The area of the three I'm most happy with is family. Family being my wife, my parents, my sister and a handful of friends. We're closer now than ever. Obviously marriage adds a new level to a person's life, and it's not something I take trivially. Just the opposite really. But there is more than that. The events of the past year have taken a family that was in some ways quite distant – we're all spread on opposite ends of the continent – and made us closer. Enhanced communication, boosted the love. There is a scene in the movie "Legends of the Fall," at the very end, where the bad guys show up to kill the hero, and the family, which had been torn and tattered by a series of dramatic events, came together in defense. The old dad with the stroke knocking out the bad guys with the double barreled shot gun, the long estranged brother doing the same with a long range shot from the distance. Obviously this is dramatized – a wild west example – but I liked how FAMILY came together. That's kind of how this feels. Oddly enough, there is now a new challenge in this area, that being enhanced relations with the family of my wife. They don't like me, to put it mildly. And there is gasoline that stoked this fire and made it worse. No matter. Time is on our side, and time does heel wounds. We'll continue to put the good effort out, I will continue to love their daughter like no other and hopefully that component can also get to a place it needs to be.
One component where I want it to be, but also with a huge challenge ahead. One component progressing. One component still waiting to get off the ground. All things considered, not bad after 365 days. The goal is all three, but moving a big boulder takes time. The effort will yield the results.
A small thing that cracks me up. So last year in the shit storm I lost all my nordic ski tuning gear. My handcrafted wooden waxing form, lots of cools waxes, scrapers, irons, etc. Seems minor, but it was kind of big. Waxing for me was more than just making my skis fast. It was a place to go to dream bigger dreams, to escape. It was the process of adventure, if that makes any sense.
Well, when I lost that, I lost a lot.

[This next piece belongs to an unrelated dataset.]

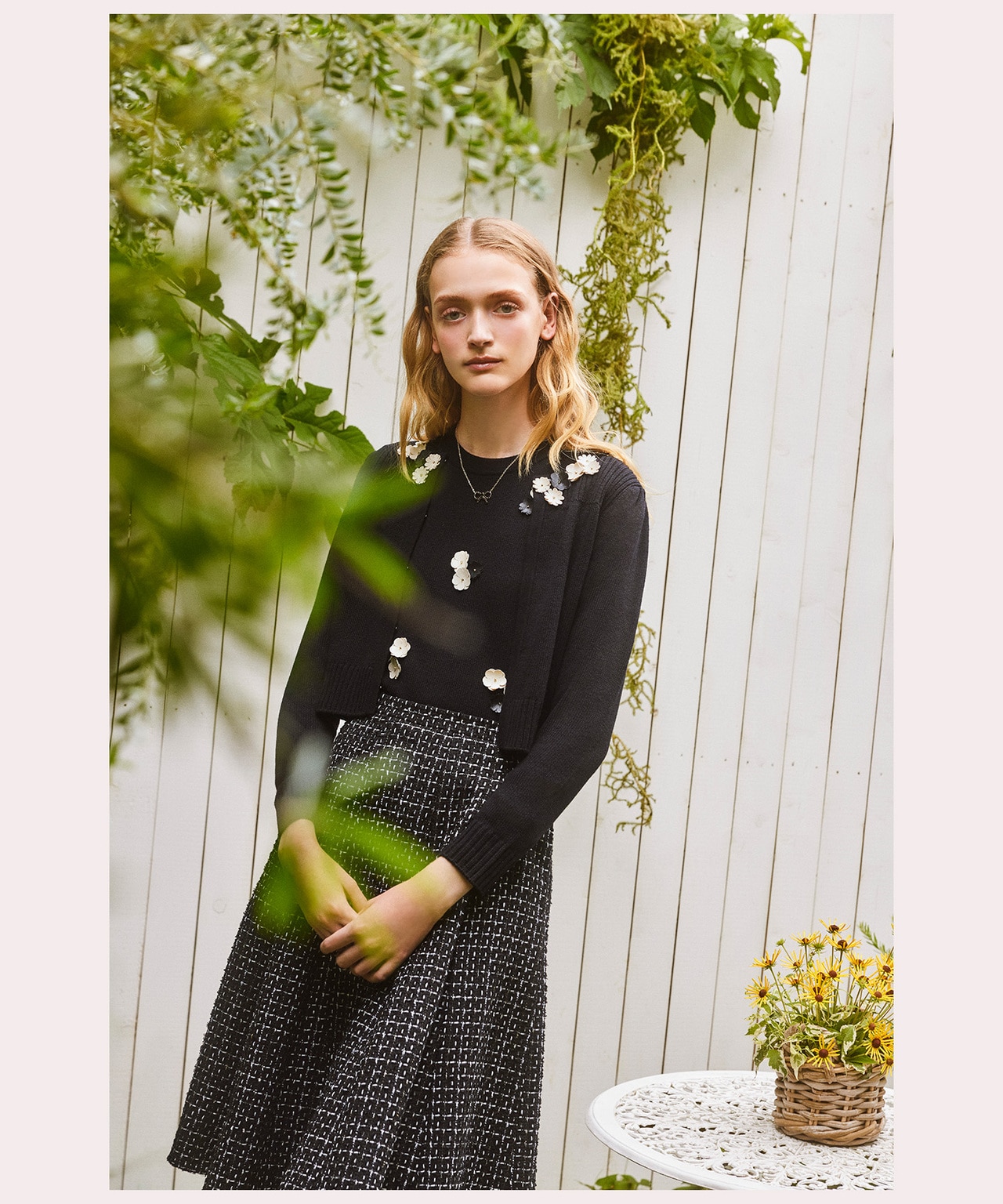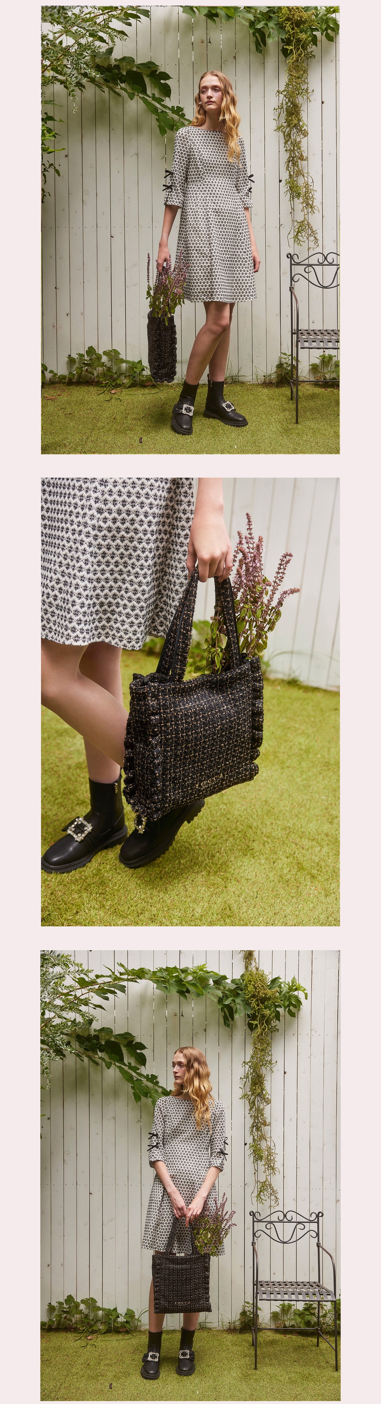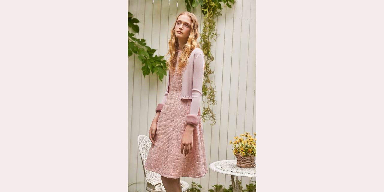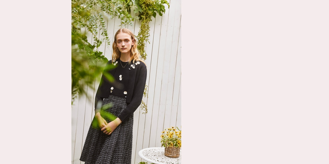 ラメ感のあるツイードが秋の光を受けてきらめき、お花のニットと合わせて優しい印象をプラスします。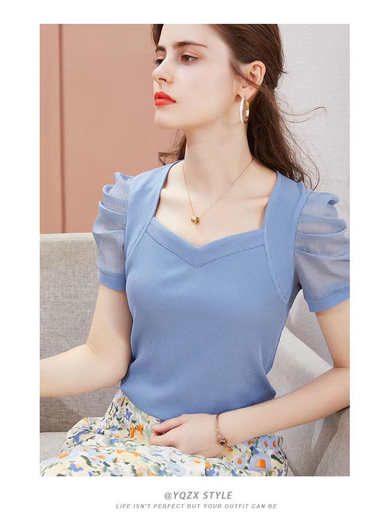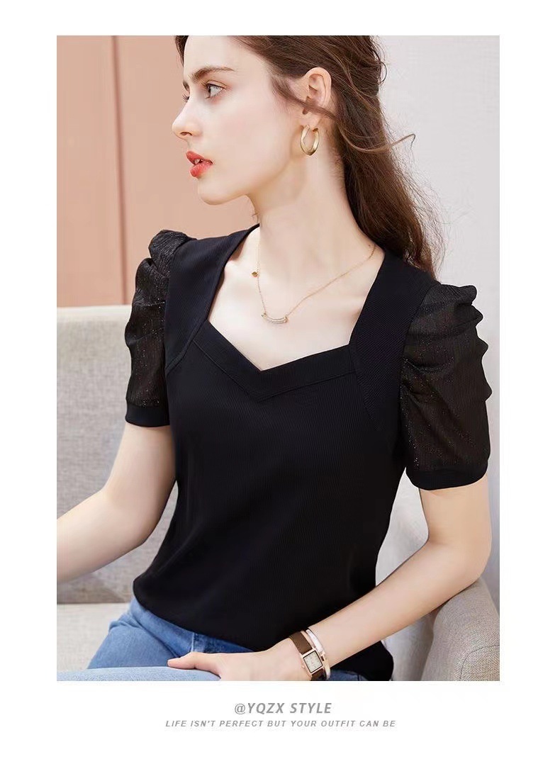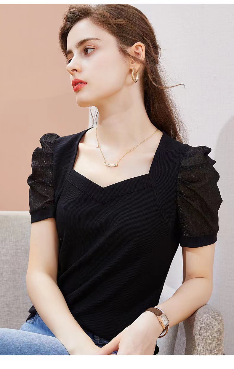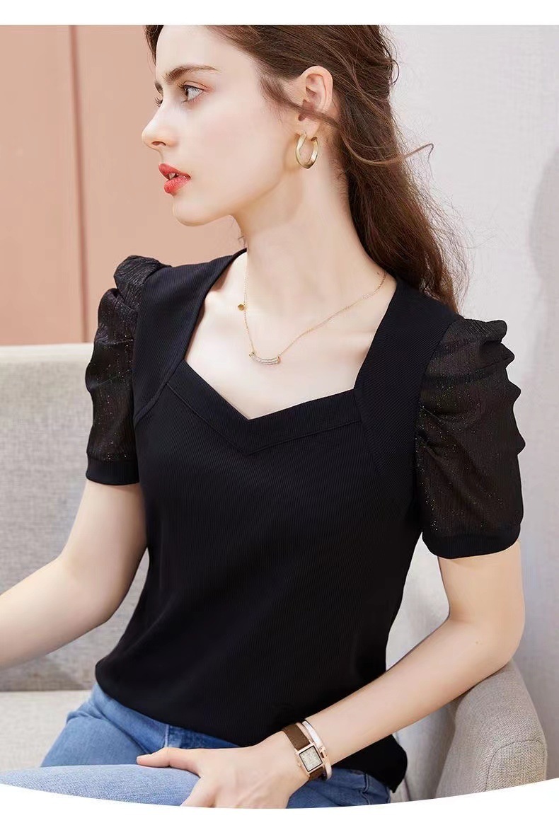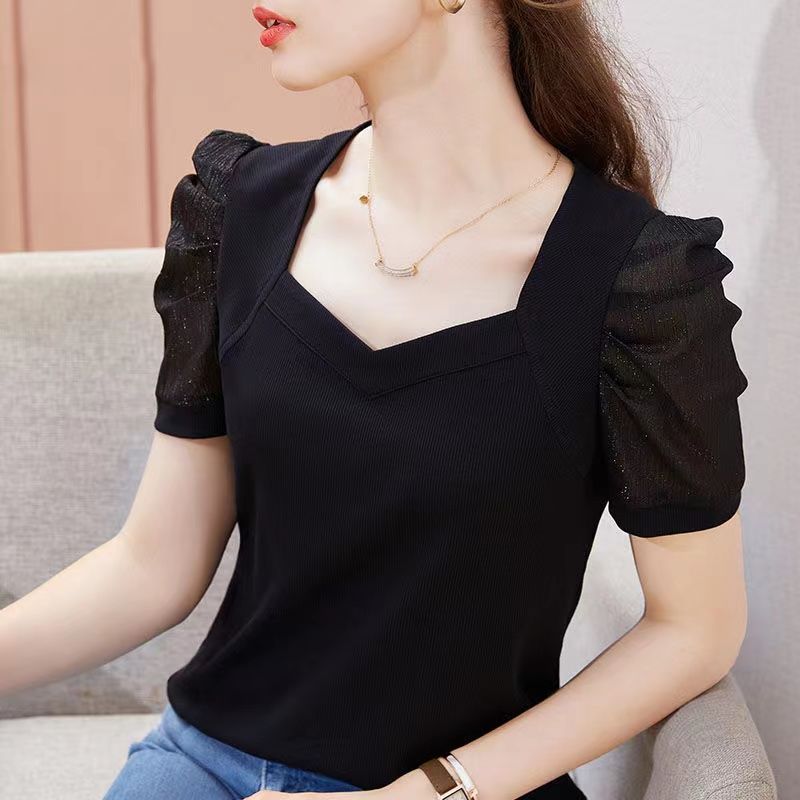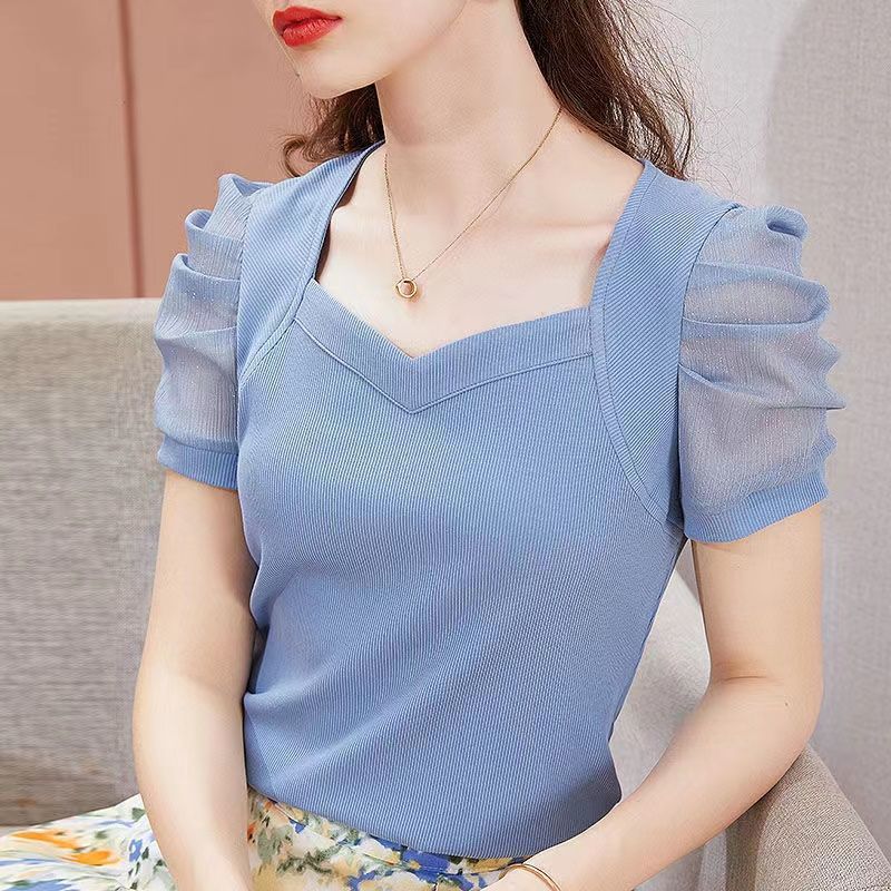 아이스 실크 반팔 티셔츠 여성용 2026 여름 신상 화이트 티셔츠 통근 스타일 퍼프 슬리브 빅사이즈 여성용 우아한 상의

I don't think it's a coincidence that I did not nordic ski one time last year. And that's not good…that's a part of my past self that was absolutely positive. I never had a bad day nordic skiing, and it always made me happy. Well, cash is tight now, but I decided to rectify this situation. Take something back. I'm fortunate at work to get pro-deals on stuff, which makes it affordable. So I ordered some necessities. A Swix waxing table. Nordic vices, but also alpine vices, because Elaine and I are going to rip up the backcountry this year and this is something essential. A bunch of waxes, two scrapers, an iron and a file. Not an escape this time, but a place to prepare, to smile. It's odd how the prospect of waxing skis makes me so happy, but it does, and I suspect it's a lot deeper than just dripping wax onto p-tex.